In attempting to full its open lifeguard positions, the department has increased its marketing budget by 75% to reach prospective employees and fill ranks that were depleted by the pandemic, a city-wide hiring freeze in 2020 and reduced training classes as Austin emerged from the pandemic. The aquatics operating budget within the department is about $11.5 million, and the lifeguard program costs about $3.9 million a year, McNeely said.

Cobb said he thinks the department didn't do enough to prepare for predictable lifeguard shortages this summer. With heat arriving to Austin unseasonably early, pools have been busy this year and staff is working longer hours to keep up with demand. A spokesperson for the department said shifts are the same length as before but lifeguards 16 and older have been authorized to work up to 8 hours of overtime a week because of the staffing shortages

Cobb said as more lifeguards are trained the situation is improving, but said he is still frustrated with how things have been handled. He said the city should have announced the increased base pay of $16 an hour and the lifeguard bonuses earlier in the year to get an earlier start on summer hiring.

“It’s going to be a hot summer. Barton Springs and the other pools are a vital part of the way people in Austin live. It’s because of this failure on the part of the Parks and Recreation Department that we are in the situation that we are in today,” he said. “If we go back to our regular pay rate, the one with the $1 increase and do not raise the wages to $22 in the next budget, the pools will again be closed in part next spring. So they need to deal with the situation now.”

The pay scale and other lingering issues related to the coronavirus pandemic are also leading some lifeguards to leave the city’s employment. Patrick Labay, who worked as a guard since 2015 and served as a facility manager at Deep Eddy, left his role in late May. Labay said he has always worked multiple jobs and said he got tired of the work conditions at the pools.

“The scheduling became completely unable to accommodate the flexibility that I needed, so I couldn't get shifts dropped.

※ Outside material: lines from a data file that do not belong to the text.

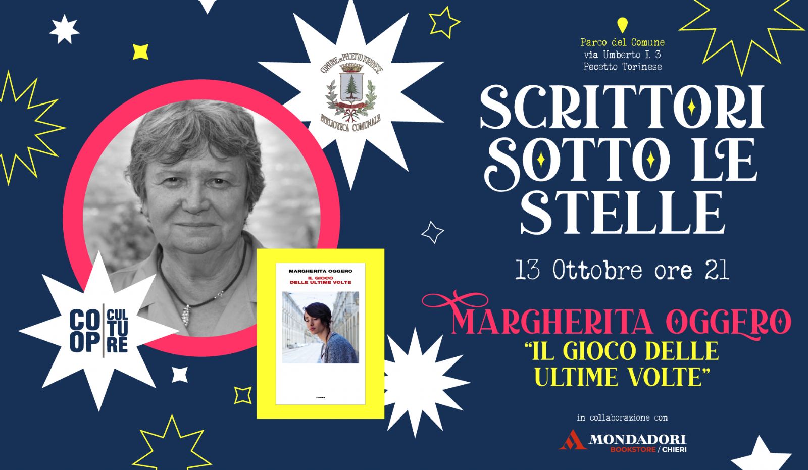 Margherita Oggero sarà nostra ospite giovedì sera, 13 ottobre alle ore 21 nell’ambito della rassegna “Scrittori sotto le stelle” organizzata dalla Biblioteca in collaborazione con la libreria Mondadori di Chieri.
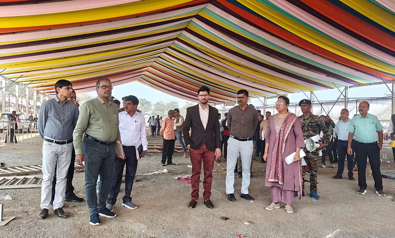 मुख्यमंत्री विष्णुदेव साय के आगमन पूर्व निरीक्षण करते जिला कलेक्टर व अधिकारीगण
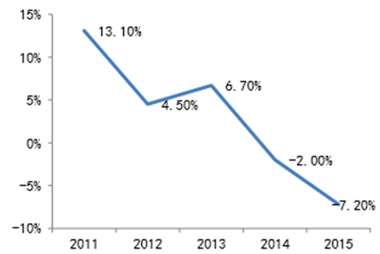 2015 年中國廣播媒體市場規模出現小幅下滑,央視索福瑞媒介研究有限公司(CSM) 的調查數據顯示,2015 年全國 34 個城市整體收聽率較 2014 年同比下降 3.33%。
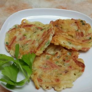 煎锅放一点油加热,把模具放进煎锅里,再把土豆面糊放进圈圈里。中火小火煎至微黄,反面过来煎另一边,两面煎至金黄即可。
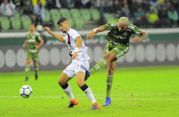 O primeiro tempo do Vasco na Arena Palmeiras foi muito bom. Com Thiago Galhardo inspirado pela esquerda e Pikachu como opção para cruzamentos pelo chão, o Cruz-Maltino jogou melhor que o adversário. Os contra-ataques rápidos funcionavam bem, apesar de as finalizações não entrarem.
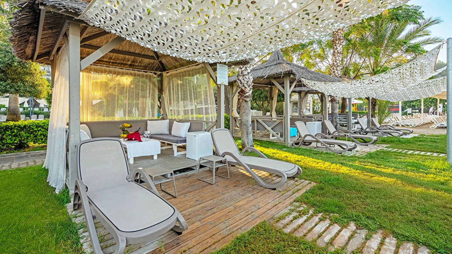 Tesisin plajda ve sahilinde bulunan Gazebo ücretli ve rezervasyonludur.
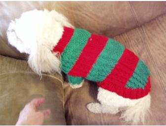 A Bichon Christmas sweater! Sporting red and green hearts and cables, this hand-knit sweater is designed for a chilly walk in December (but can be used anytime a fluff needs to ward off the cold). It’s made of washable acrylic yarn and has an opening to attach a leash to a harness worn underneath. Modeled here by my silly boy Scottie, this pullover sweater is made to fit a 10-15 lb. Bichon.

When I was sick, I felt that I had to come in because there was no one else to cover,” Labay said. “We're all starting to figure out what we're willing to pay for, for what we're willing to get. That's something that the city has to figure out.”

'This is a priority'

City Council members Fuentes and Vela both said the vacancies in aquatics and other city departments are more complicated than simply low wages, but said they think raising pay will help. Vela also said he supports many of the lifeguards’ requests, including providing full-time benefits to those who work year-round. 

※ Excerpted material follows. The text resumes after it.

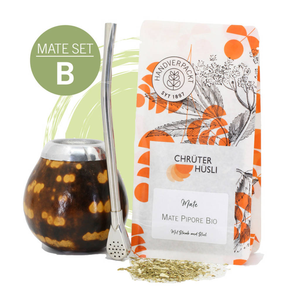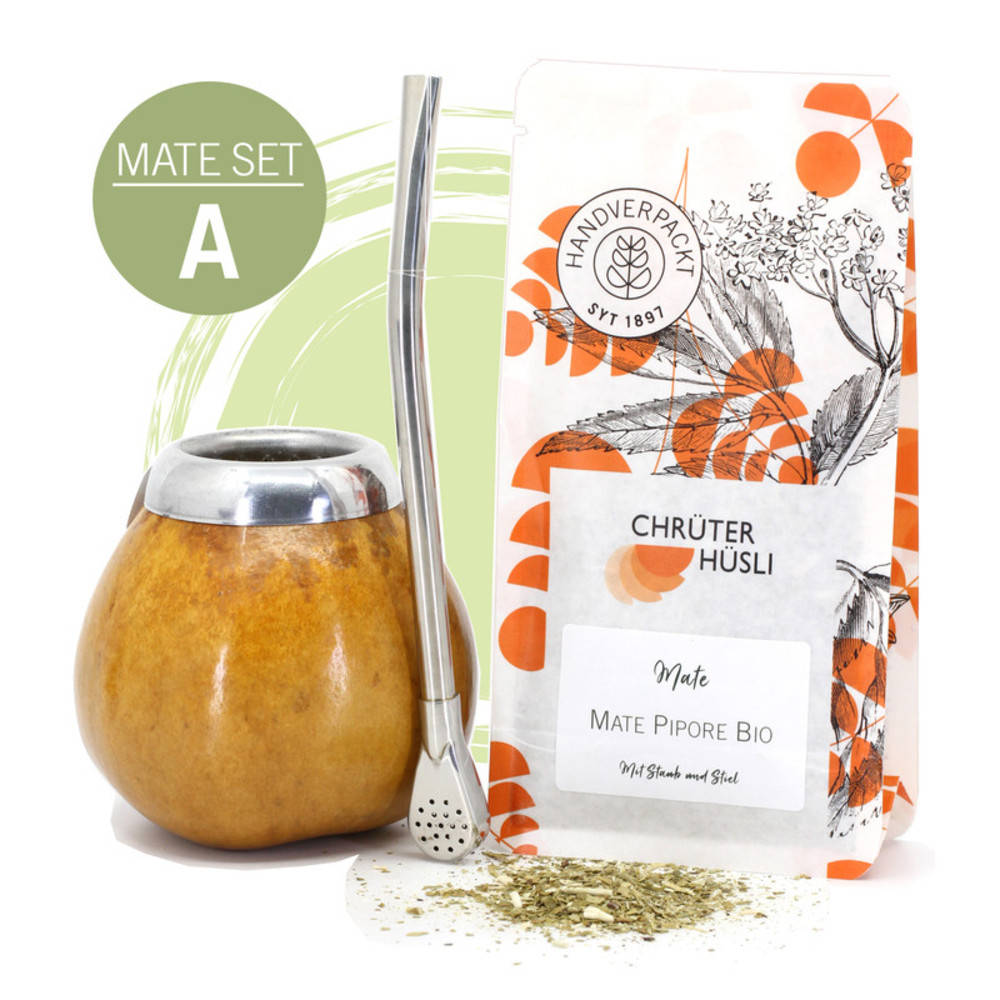 Mit dem dreiteiligen Mate-Tee-Set tauchen Sie ein in die authentische lateinamerikanische Trinkkultur! Ein geschmacksvoller biologischer Mate Pipore Tee , direkt aus Argentinien, erhalten Sie zusammen mit einer Kalebasse nach Ihrer Wahl (siehe Bilder, Varianten) und einer praktischen Bombilla - dem Trinkhalm für das Mategetränk. Hierzu füllt man Mate in die Kalebasse, überbrüht den Tee mit heissem Wasser um das Getränk anschliessend durch eine Bombilla (Trinkhalm mit Sieböffnung) zu geniessen. Diese Zubereitungsart ermöglicht mehrfaches Aufbrühen des Teesatzes und somit langanhaltenden Genuss. Klassisch wird der Mate-Genuss in einer Art Ritual bzw. Zeremonie zelebriert. Denn Mate trinkt man in Gesellschaft von Familie, Freunden und Besuch. Hierbei wird die Kalebasse von einer Person zur nächsten weitergereicht. El cebador, also die Person die den Mate zubereitet, giesst den Mate hierbei für jede Person frisch auf und so wandert die Kalebasse reihum bis alle Gäste versorgt sind. Weithin gilt dieser Brauch als Geste der Freundschaft, Höflichkeit und Offenheit. Wollen Sie als Gast bei der Zeremonie glänzen gibt es ein paar Regeln die es einzuhalten gilt. Trinken Sie den Mate immer aus, verzichten Sie auf ein gutgemeintes Danke und halten Sie sich zurück wenn Sie krank sind. So kann bei der Mate-Zeremonie nichts schiefgehen. Traditionell wird Mate Tee vorwiegend in Lateinamerika als energiespendendes Alltagsgetränk getrunken. Probieren Sie es selbst. Mate ist mittlerweile nicht nur Kult, sondern auch Trend und vielfältig einsetzbar! Weitere Kalebassen, Bombillas und Mate-Tee's sind hier zu finden: Alles Mate-Zubehör
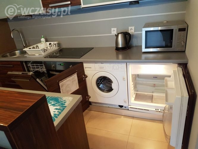 W każdym z naszych Apartamentów, znajduje się pełny węzeł sanitarny, oraz kompleksowe wyposażenie kuchenne, na stanie znajdują się również sprzęty gospodarstwa domowego takie jak żelazko, odkurzacz i inne akcesoria.

“This is a priority because by addressing our lifeguard shortage, we're also addressing the other growing pains that our city is facing,” Fuentes said.

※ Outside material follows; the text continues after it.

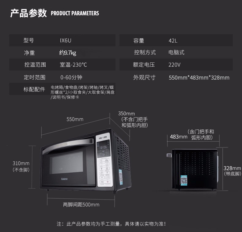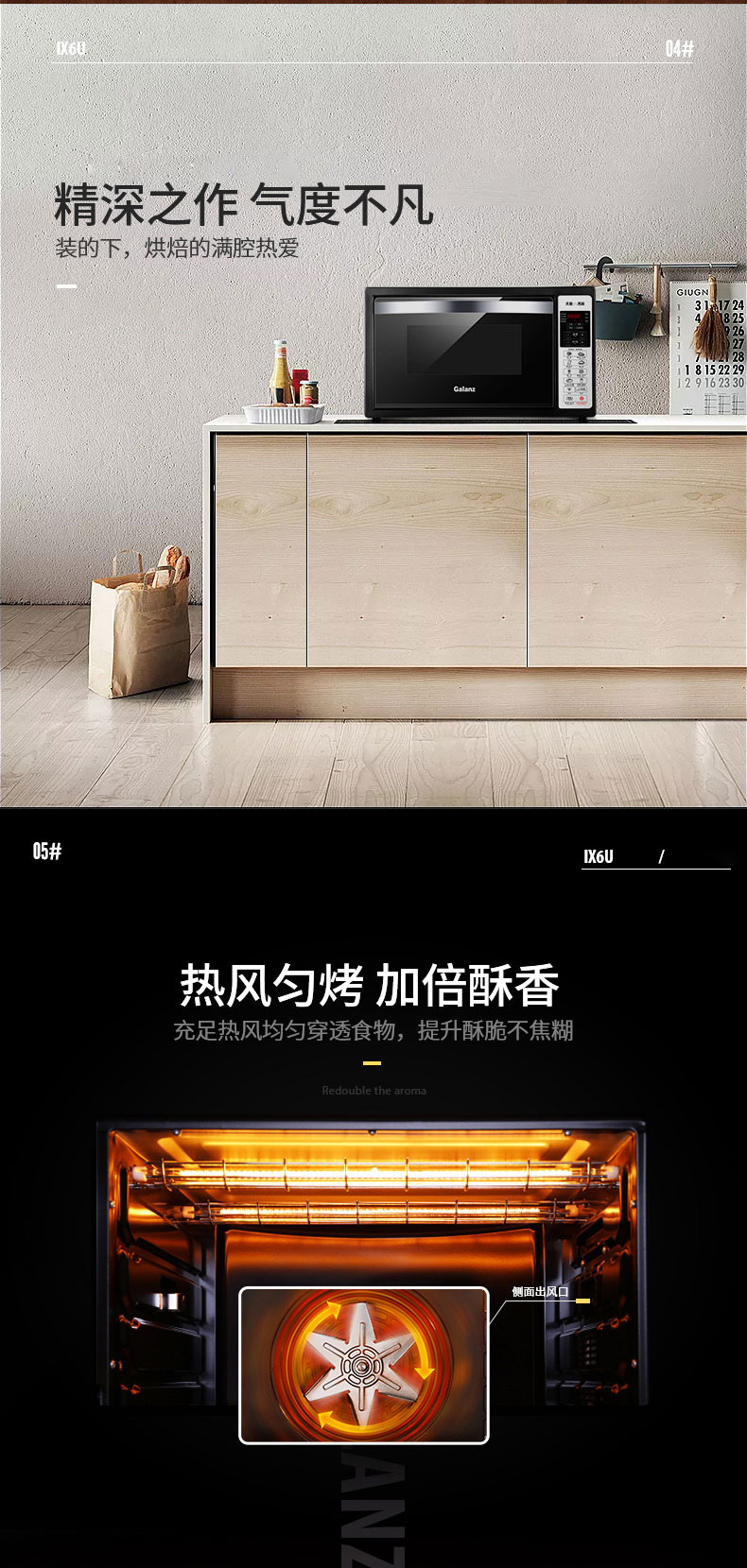 • 商品名称:格兰仕(Galanz) iX6U 全自动智能电烤箱家用42升大容量烘焙多功能旋转烤叉

Vela said it’s important to get this right, both for city staff and for the residents who expect to be able to use city-owned aquatic facilities, especially as temperatures continue to rise.

“Austin has this beautiful collection of swimming pools, beautiful parks, and what's the point of having these amazing facilities, if we can’t open them?” he said. “When people want to go swimming on a hot summer day and their pool is closed because of a lifeguard shortage, that negatively impacts the city. That hurts our relationship with our city or our citizens. We've got to provide the services that people have come to expect.”